The Senate has an obligation to act – to step up like so many people are doing out in Oregon. Big-hearted neighbors, animal lovers, county employees, city administrators, local moving businesses, teachers, nurses, retirees. You name it – Oregonians are showing up, pitching in. They are bringing food, clothes and towels, mental health services and opportunities for prayer for those that seek it.
One of the big challenges people are dealing with right now is the need for cell phones and service. My staff and others in the delegation have been working around the clock with industry and the executive branch to get people what they need.
I want to thank the many people who are hard at work maintaining networks for consumers and public safety officials. One problem that’s come up – as networks and equipment burn, there’s a major strain on the resources for people on the front lines fighting these infernos. For example, the repeaters that can amplify a signal and keep our firefighters connected. I’m hearing that this country does not have enough repeaters in stock to begin to address such a crisis as the West is experiencing.

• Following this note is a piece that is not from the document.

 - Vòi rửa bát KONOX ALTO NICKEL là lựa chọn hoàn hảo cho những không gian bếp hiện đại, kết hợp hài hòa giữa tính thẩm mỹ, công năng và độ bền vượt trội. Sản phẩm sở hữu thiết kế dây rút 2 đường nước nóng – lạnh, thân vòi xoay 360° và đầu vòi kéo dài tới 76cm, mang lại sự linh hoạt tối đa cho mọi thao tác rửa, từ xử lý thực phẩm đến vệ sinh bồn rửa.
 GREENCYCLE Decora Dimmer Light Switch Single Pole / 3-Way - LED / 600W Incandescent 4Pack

It’s yet another example of what can happen when you ignore infrastructure — when you ignore disaster preparedness. That’s something the country is facing on multiple fronts right now.

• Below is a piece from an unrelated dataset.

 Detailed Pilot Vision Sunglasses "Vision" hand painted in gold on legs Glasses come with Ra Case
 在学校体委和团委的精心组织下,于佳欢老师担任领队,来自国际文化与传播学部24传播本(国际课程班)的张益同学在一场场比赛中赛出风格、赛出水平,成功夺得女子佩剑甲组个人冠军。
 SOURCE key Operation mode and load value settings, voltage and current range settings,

So colleagues, I’ll close on this. What I saw in Oregon this weekend really is heart breaking. And right now, thousands of families are mourning unthinkable loss, trying to figure out how to move forward when their homes and the vast majority of their possessions have been reduced to ash. The fires this year are especially bad, but if you open your eyes to the data and talk to the people who’ve lived through these fires, it’s clear this is getting worse and worse.

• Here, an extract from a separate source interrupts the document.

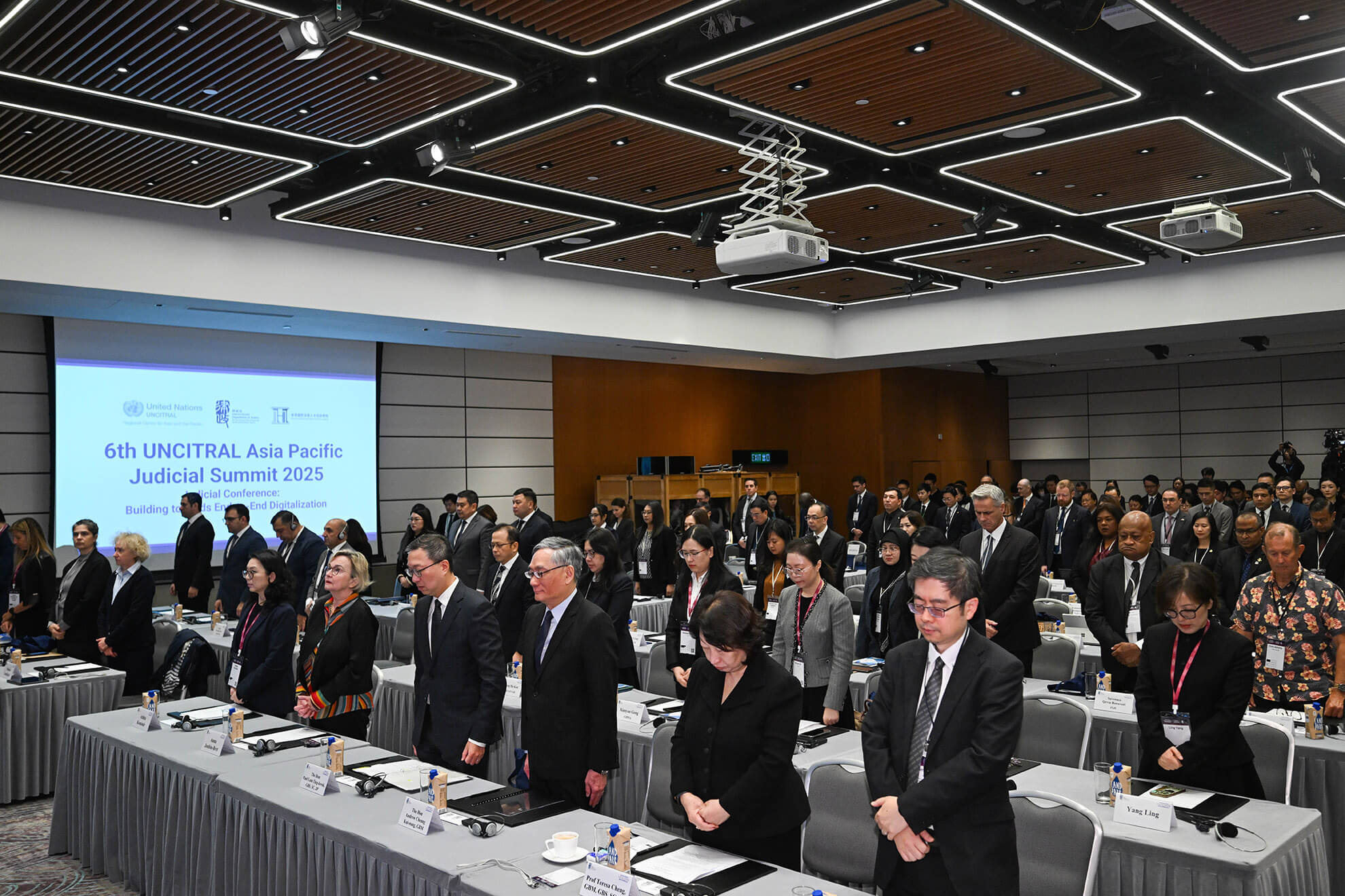 香港法律周2025今日(十二月一日)展开。图示全场人士在活动开始前站立默哀,以悼念大埔火灾罹难者。

The climate crisis is here. Right now. Today.
In case anybody is stuck back way back in yesteryear, it’s no longer a far-off, hypothetical danger for senators to debate in these comfortably air-conditioned buildings. The American West is on fire. Entire neighborhoods, whole communities, are being destroyed. Our air quality has the dubious recognition as being the worst in the world. The climate crisis is happening now – to us, to our kids. America ignores this at our peril.
So I’ve brought forward three proposals today to begin to address one aspect of this crisis. This needs to be the day the Senate gets serious about fire prevention as part of a comprehensive effort to fight the climate crisis. These ideas ought to become law soon, and with broad bipartisan support. I’m talking about policies aimed at protecting our communities and the families who live in them. Protecting jobs. Protecting homes and businesses. These proposals cost money, but it’s a lot cheaper to prevent a fire than it is to rebuild a community out of the ashes. And this can only be the beginning.
So I’m going to keep fighting for these proposals. And then there’s a lot more work to be done. Because the crisis is upon us. It’s happening now, and the Congress needs to prove that it’s up to the challenge.